Both retailers counting on the cash of armchair fans and publicans hoping to attract supporters to their big screens agree that the scheduling of the matches on the evening will be a big factor in generating buzz.
Most matches in host countries Poland and Ukraine are due to kick off at 7.45pm Irish time, with a smaller number pencilled in for a 5pm start.
“In the rugby world cup, people were getting up at 7am on a Saturday morning, bleary-eyed. But these games are going to be on at a time when people can make an event out of it,” says Shane Treanor, managing director of media agency Mediaforce.
Treanor believes a rash of advertisements from supermarkets and consumer goods companies will result in the media sector, as a whole, profiting from Ireland’s qualification, and not just RTÉ as the match rights-holders. The swell in discretionary spending will even include sales of “all those horrible novelty songs”, as Treanor calls them, and a sudden surge in interest in sportswear – “not just the replica jerseys”, says Retail Excellence Ireland chief executive David Fitzsimons.
“We’d expect a sales uplift during the competition, and that generally intensifies as the team progresses,” a spokesman for Tesco says. “If there’s a Saturday evening match at around 5 o’clock, you’ll sell a lot of barbecue sets around that,” he adds.
But it’s not just a question of timing. “Soccer, more so than rugby, will tend to win over the hearts and minds, particularly as the team progresses,” he says.
The Licensed Vintners’ Association, which represents about 700 pubs in Dublin, describes qualification as “a gilt-edged opportunity” for its members after a number of subdued years.
“We’ll have three phenomenally good trading days during the group stage, and if Ireland gets through to the next stage, it would be like having a Saturday night midweek for the pubs,” says LVA chief executive Donall O’Keeffe.
Matches against “big-name” countries in the group stage would help boost alcohol sales on those nights, O’Keeffe says. “But the most important thing is that the team play well, and there’s momentum.

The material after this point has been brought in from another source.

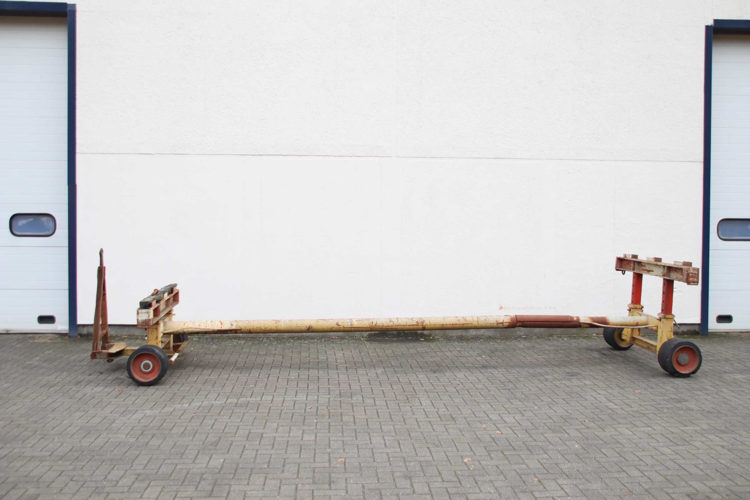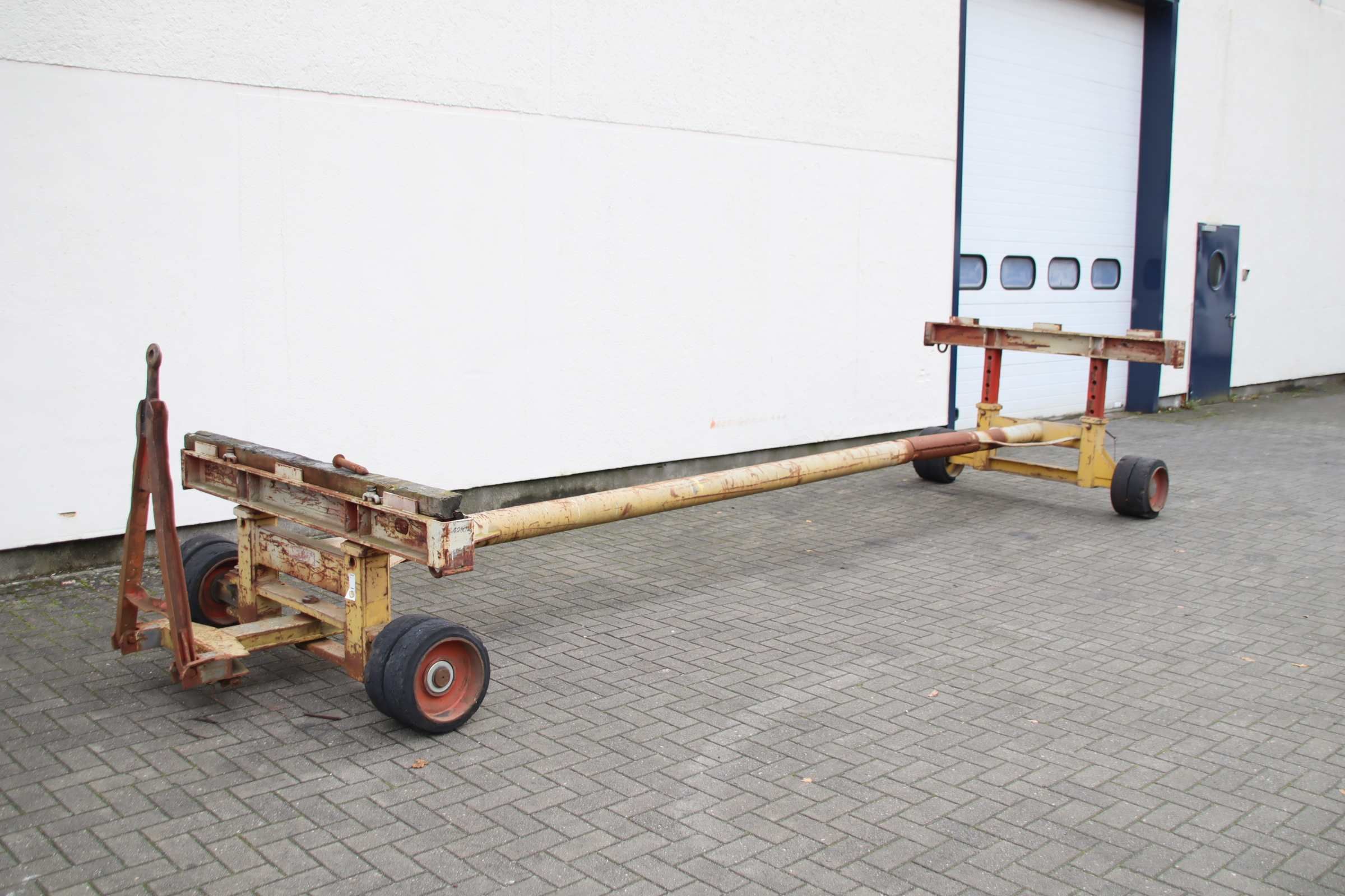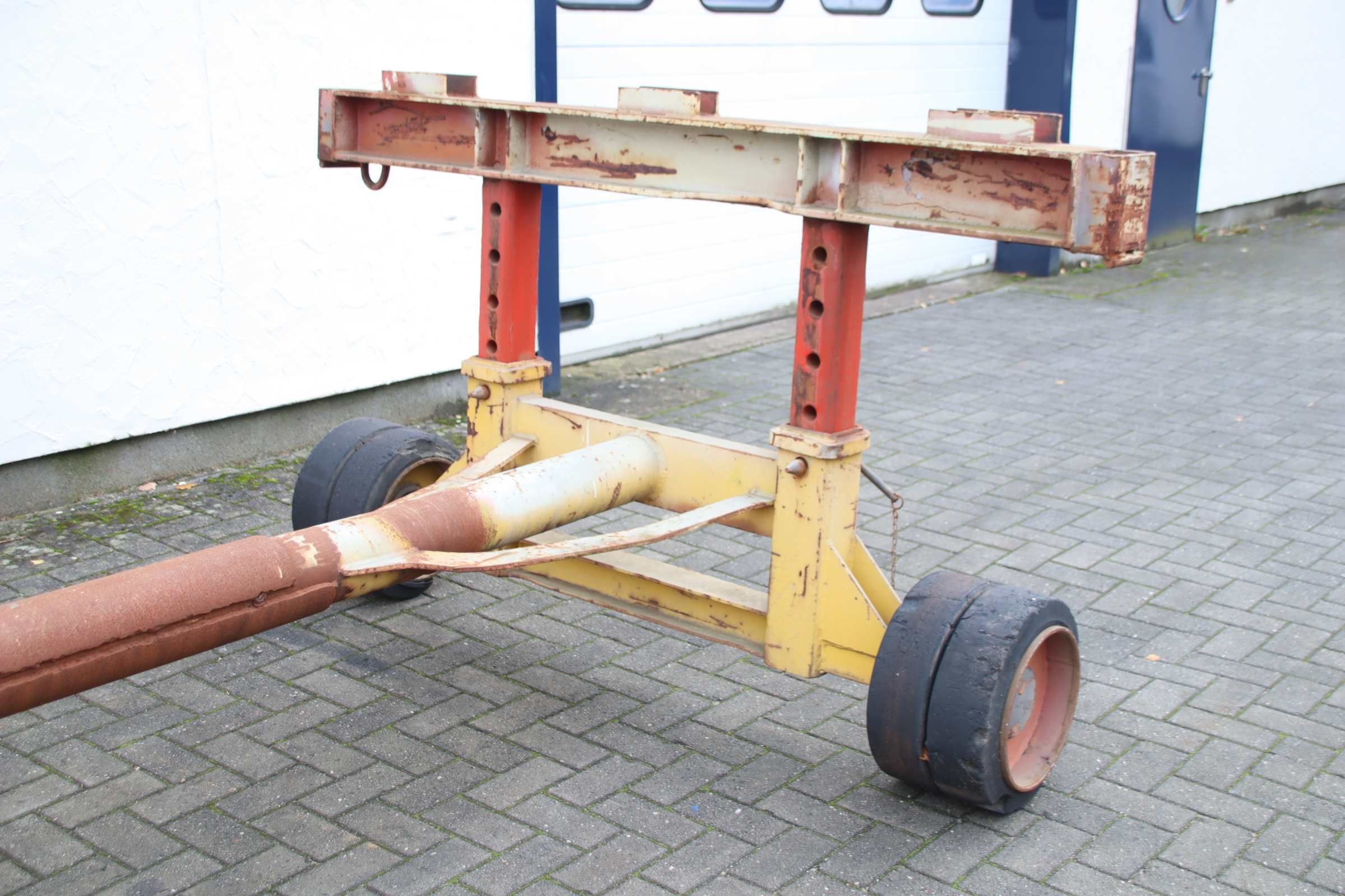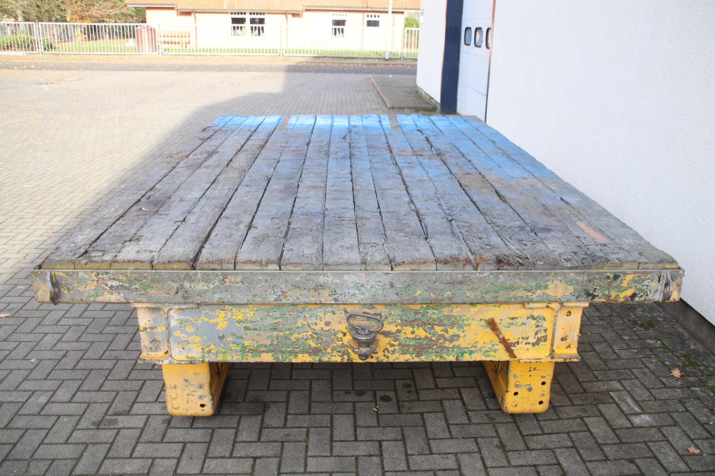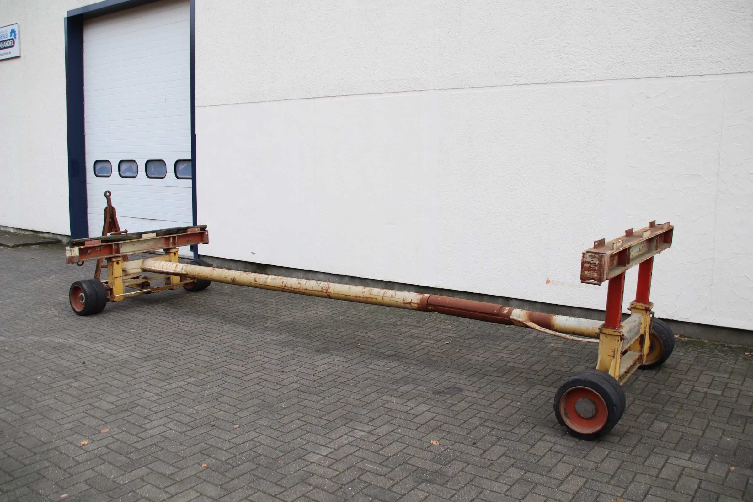 Plattformwagen, Transportwagen, Schwerlastwagen, Tischwagen, Montagewagen, Industrieanhänger, container Dolly, Doppel-Drehschemel-Lenkung, Schwerlastanhänger-Übergabe: im Ist-Zustand wie besichtigt-Bemerkung: Zustand Räder beachten-Schwerlast-Transportwagen: Industrieanhänger mit 1-Achs-Lenkung-Trägerabstand: 5860 mm / Höhe 850 bis 1255 mm verstellbar-Traglast: 11 t-Bereifung: 405/130-305 Vollgummi Doppelbereifung-Abmessung ges.: 7600 /2000/H850 mm-Gewicht: 1080 kg

If they play badly in the first two matches, then fewer people will turn up in the pubs for the third one.”
But before anyone tries to put the pressure of bringing about an economic revival on the Republic of Ireland team’s shoulders, one football tournament isn’t going to spell an end to austerity, cautions Hughes. “The reality is that people are still cash-constrained, so qualification wouldn’t wipe away the recession.”